#### What is needed:
A verbatim copy is needed of the lines below from the one containing "图/前总统唐纳德·特朗普在 2018 年进行年度体检后与白宫医生罗尼·杰克逊握手。" up to and including the one containing "A collection of", excluding pictures.

#### Supplied data:
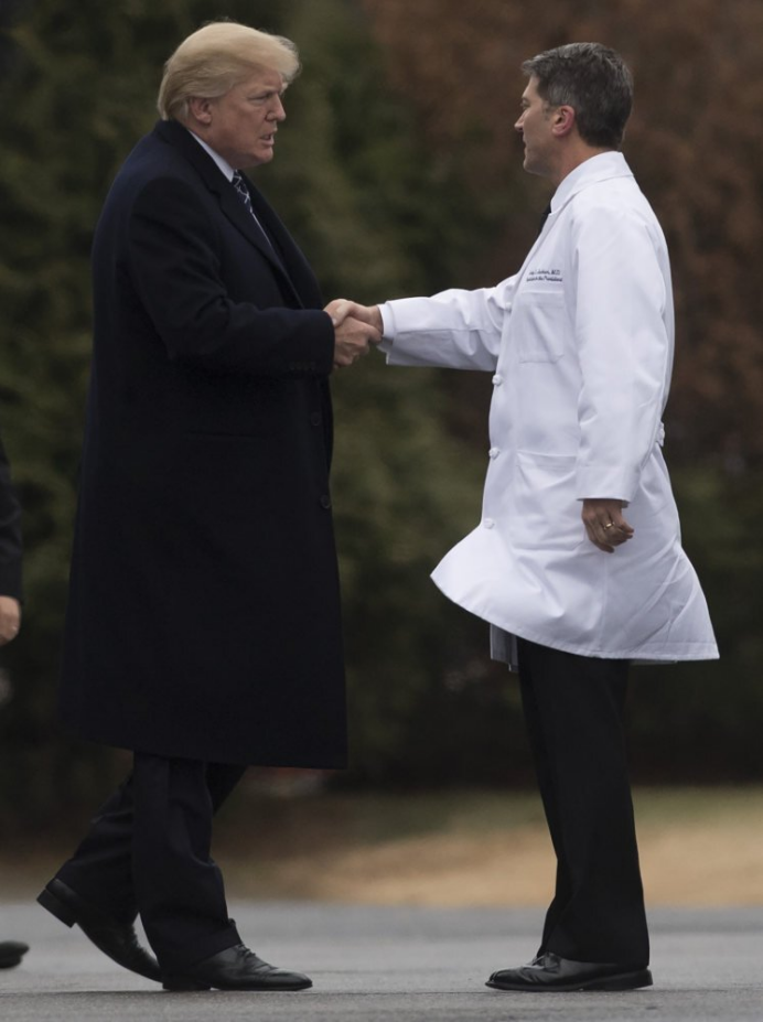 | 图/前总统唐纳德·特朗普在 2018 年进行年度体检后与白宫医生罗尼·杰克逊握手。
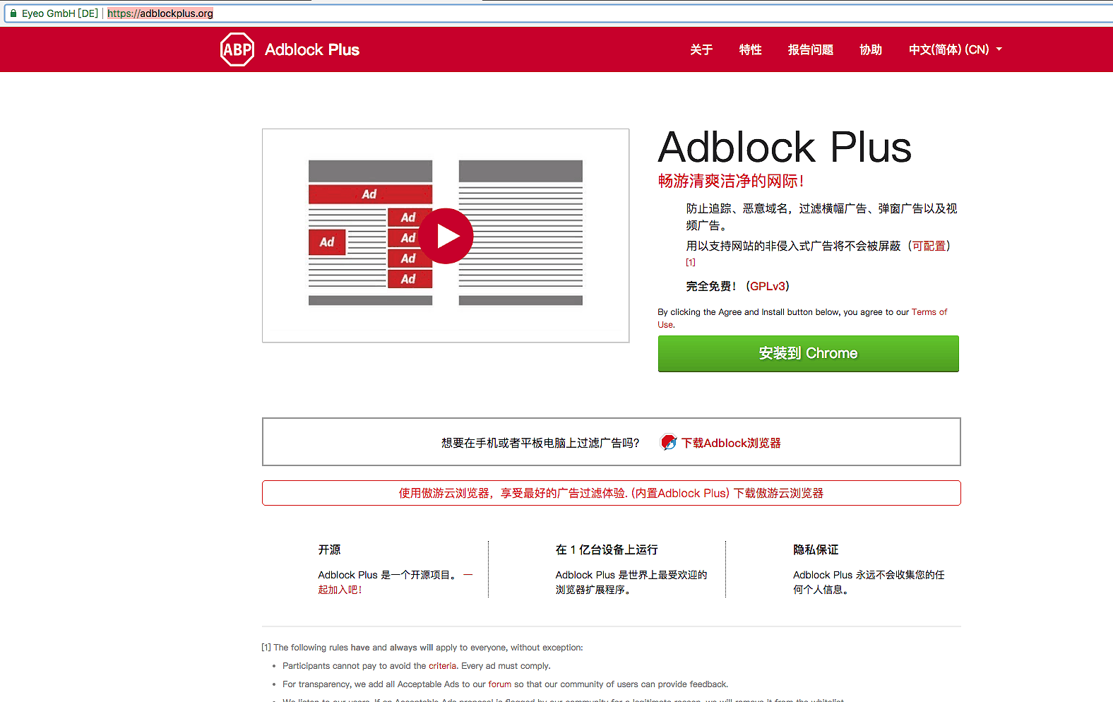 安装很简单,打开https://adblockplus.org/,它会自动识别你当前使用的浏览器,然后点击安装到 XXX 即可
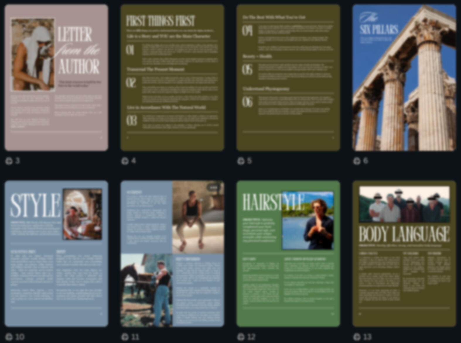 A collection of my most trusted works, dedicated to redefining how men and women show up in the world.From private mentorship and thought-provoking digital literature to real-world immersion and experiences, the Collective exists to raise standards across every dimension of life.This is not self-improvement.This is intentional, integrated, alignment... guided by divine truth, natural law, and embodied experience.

==

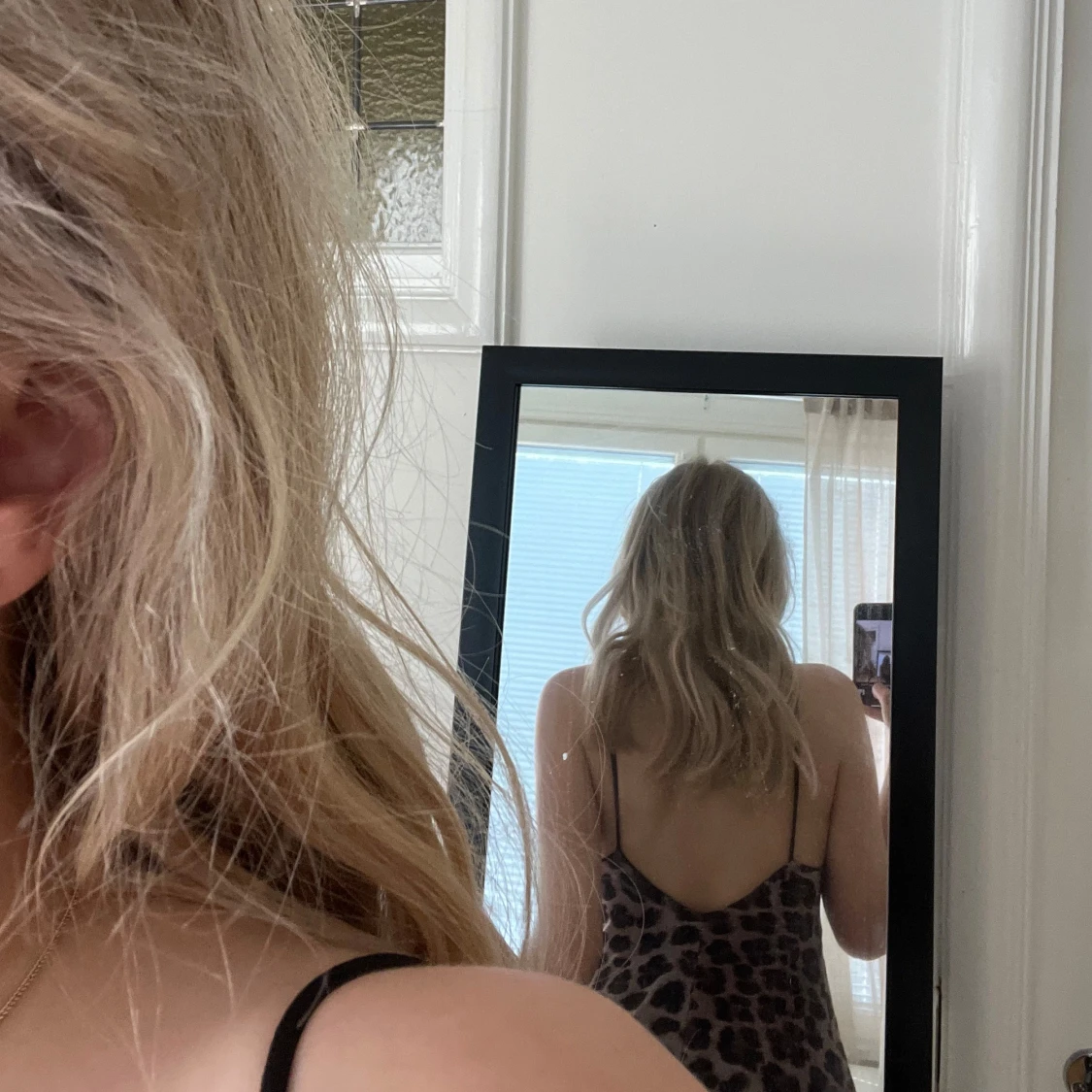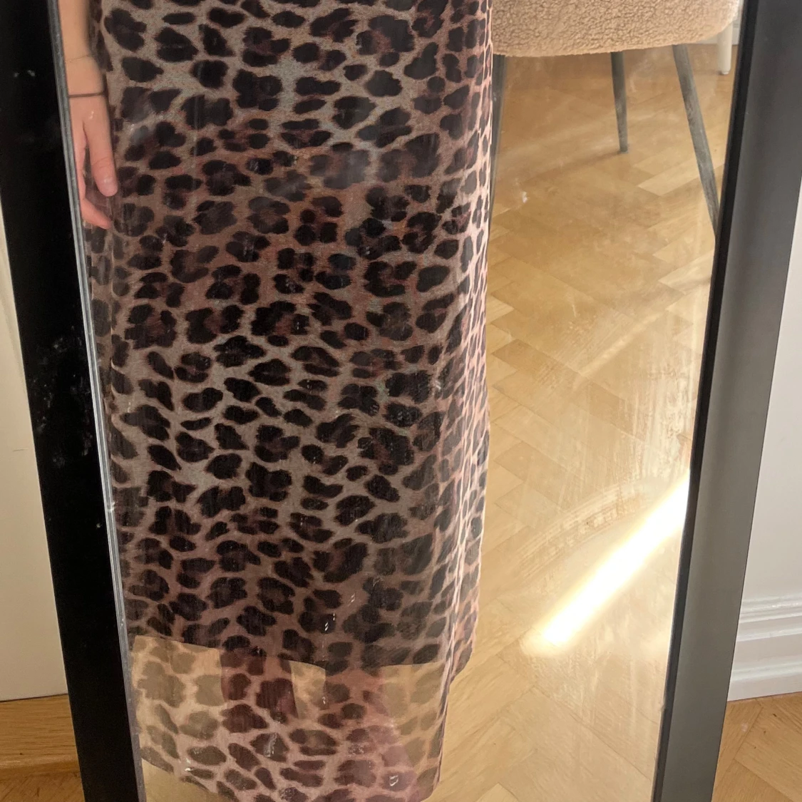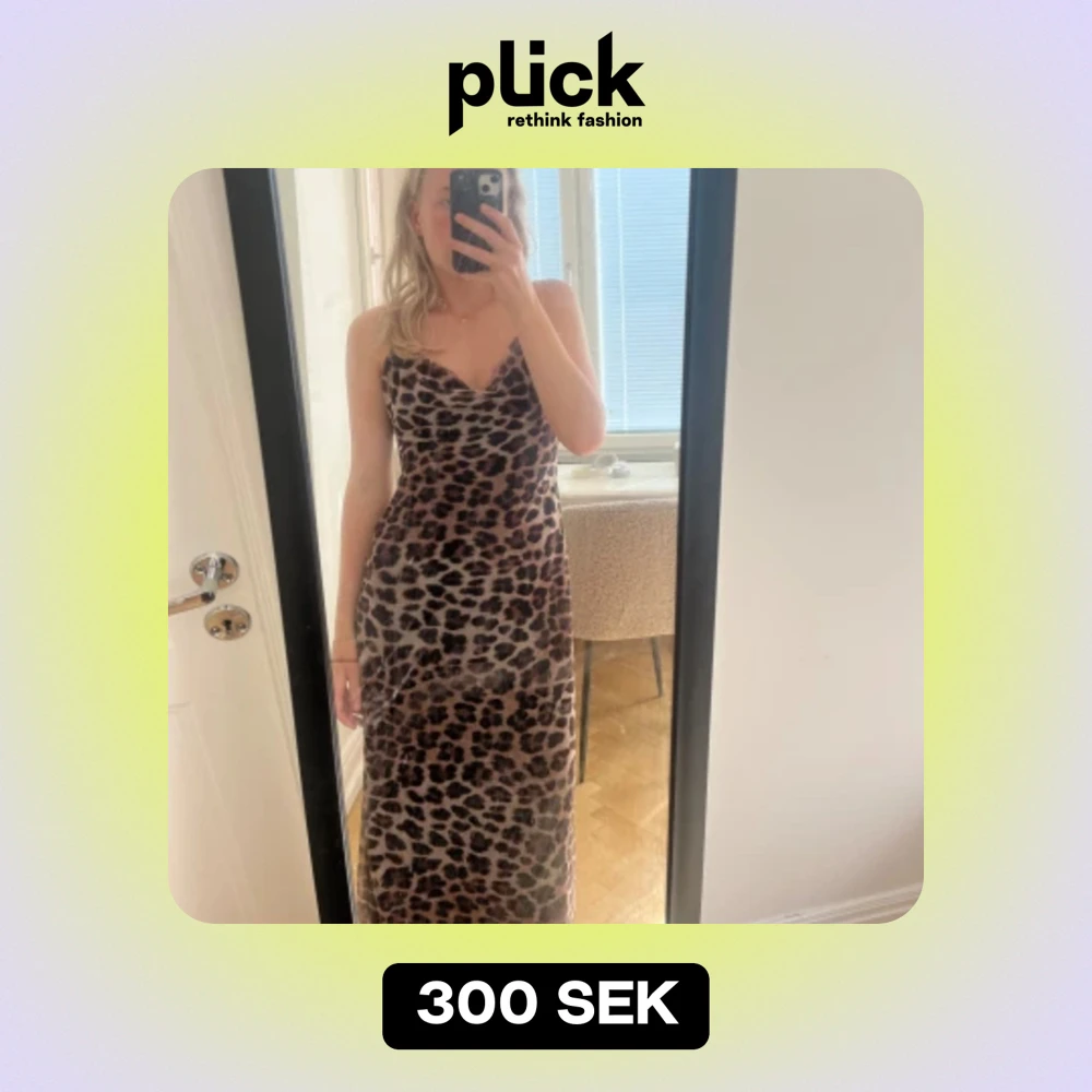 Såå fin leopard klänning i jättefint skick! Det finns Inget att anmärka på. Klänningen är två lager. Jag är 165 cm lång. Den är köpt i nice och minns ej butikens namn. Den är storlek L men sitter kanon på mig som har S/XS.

---

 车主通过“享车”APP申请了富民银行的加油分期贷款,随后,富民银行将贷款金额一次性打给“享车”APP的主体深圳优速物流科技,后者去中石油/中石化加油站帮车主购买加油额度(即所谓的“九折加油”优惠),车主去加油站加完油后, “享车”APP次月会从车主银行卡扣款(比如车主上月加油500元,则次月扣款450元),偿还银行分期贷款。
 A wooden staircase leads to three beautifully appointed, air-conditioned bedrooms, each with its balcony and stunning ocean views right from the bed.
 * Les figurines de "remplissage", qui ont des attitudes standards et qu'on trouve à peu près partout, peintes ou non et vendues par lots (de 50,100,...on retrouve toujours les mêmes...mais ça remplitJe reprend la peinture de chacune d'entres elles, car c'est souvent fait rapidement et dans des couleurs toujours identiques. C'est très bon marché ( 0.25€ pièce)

#### Task solution:
 | 图/前总统唐纳德·特朗普在 2018 年进行年度体检后与白宫医生罗尼·杰克逊握手。
 安装很简单,打开https://adblockplus.org/,它会自动识别你当前使用的浏览器,然后点击安装到 XXX 即可
 A collection of my most trusted works, dedicated to redefining how men and women show up in the world.From private mentorship and thought-provoking digital literature to real-world immersion and experiences, the Collective exists to raise standards across every dimension of life.This is not self-improvement.This is intentional, integrated, alignment... guided by divine truth, natural law, and embodied experience.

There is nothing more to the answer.